# Regular blue tape versus Ram Board tape



## RH (Sep 7, 2010)

Have used Ram Board several times and just used wide blue tape to tape to hardwood floors and regular yellow in taping sections to each other. Doing another job next week where it will be needed and I want to know if there is any advantage to using the actual RB tape? Kinder and gentler when applied to the actual flooring? Can it stay down longer without potential issues? Is it less expensive? This is not newly refinished wood flooring that I will be taping to.


----------



## PNW Painter (Sep 5, 2013)

On a recent project I used a mix of standard blue tape and orange ram tape to secure Ram Painters board on newly finished hardwoods. The flooring protection was pulled after about 2 months and there weren’t any issues removing either tape. 

The Ram tap is nice because it’s wider, but it didn’t stick to the hardwoods quite as well as blue tape. There were a few spots where the ram board was curling a little bit and the ram tape wasn’t able to hold the ram board down, but the blue tape worked much better in these situations.

Overall the Ram tape worked well and I’d use it again. In spots were I wanted more adhesion, such as door jambs I think blue tape works better, but for all the long runs ram tape works well. I’m not sure about cost because the GC provided all the materials.

If you have any other questions just let me know.

Sent from my iPhone using Tapatalk


----------



## RH (Sep 7, 2010)

Thanks. Sort of what I was wondering. The board will be down for a month or so but mainly because the owner wants it left down for when the movers show up. I will pull the perimeter tape as soon as I am done in two week. Think I will have both tapes available when installing.


----------



## Woodco (Nov 19, 2016)

I usually cu the ramboard so its a few inches away from the base, put wide blue tape next to the base, then mask paper onm top of that and tape it to the ram board that to the ram board. Its time consuming, but it eliminates problems like edge curling and tape pulling up.

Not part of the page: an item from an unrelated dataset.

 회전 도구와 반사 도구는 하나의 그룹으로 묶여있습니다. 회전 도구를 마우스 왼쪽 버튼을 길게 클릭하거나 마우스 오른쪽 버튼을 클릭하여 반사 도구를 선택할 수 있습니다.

I would think ram board tape would be too expensive to do on its own, and I dont trust it on the new floor to be down for so long.


----------



## jr.sr. painting (Dec 6, 2013)

Don't use the ram tape on finished flooring. It won't come off. We used a lot of ram board but recently switched to x board. Cheaper and and easier to rollout. It doesn't want to roll back up like ram board. We usually just tape one row to the floor and then overlap all pieces and attach with ram tape. Sometimes we'll even use green paper around the perimeter of the floor taped to the shoe and then tape the x board to the tape from the hand masker. This way if it does roll back accidentally you still have 12" of protection from debris sliding underneath. 


Sent from my iPhone using Tapatalk


----------



## RH (Sep 7, 2010)

Well, actually I’m using the turtle shell (?) brand of floor protector. But I imagine their brand of tape works pretty much the same. And again, it’s not new or newly refinished flooring. It’s been in place about ten years. Still, don’t want issues. Think when I am done, I’ll remove the Turtle tape (only used it in small pieces around the perimeter) and replace it with green for when it remains for the long haul.

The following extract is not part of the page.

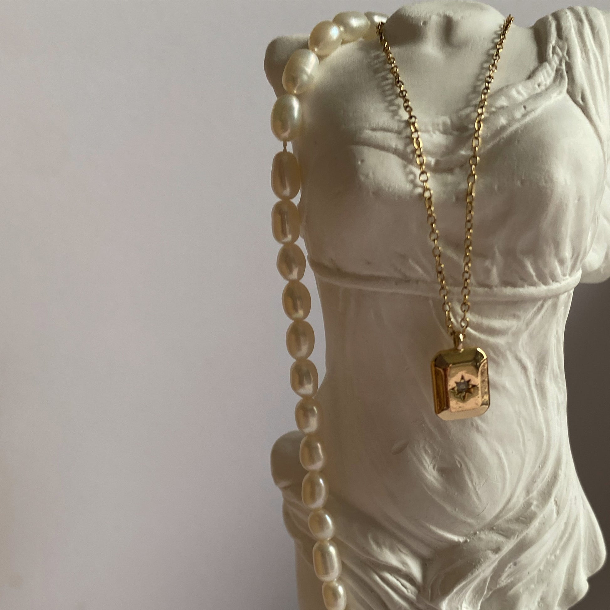 This is made with gold filled materials that are safe to wear in water, but should stay away from chemicals like in soaps, lotions, and perfumes.

Thanks for the replies guys.


----------



## PNW Painter (Sep 5, 2013)

Ram has two types of tape now. They have the traditional tape that looks kinda like ram board. This isn’t intended to be used on floors or other finishes surfaces.

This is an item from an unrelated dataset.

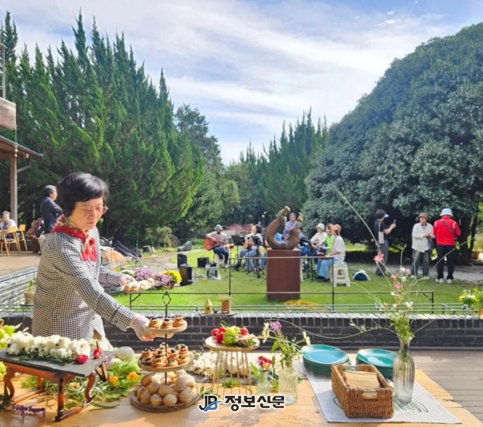 천향백주(天香白酒)는 은목서 향기에 두부, 백설기 맛과 어우러져 잔치 분위기를 한층 올려주었다. ‘여섯 줄의 행복’ 기타 연주의 선율에 꽃송이가 날리고 향기를 휘감았다. 시 낭송, 가을의 가요까지 더하여 환상적인 판타지였다.

They also have an orange version that’s very similar to 3M Blue tape, but I think it’s 3.5” wide.


Sent from my iPhone using Tapatalk


----------



## Blue line (Apr 20, 2019)

I use the good quality blue tape, the one with the orange writing on it. I’ll put that directly on the floor, maybe two strips wide if needed. Then I’ll use duck tape to tape the ram board down to the blue tape. The duct tape doesn’t peel or come up, it holds the ram board down with no problem. The duct tape never touches floor, only the blue tape does. Use the duck tape on overlapping seems also.


----------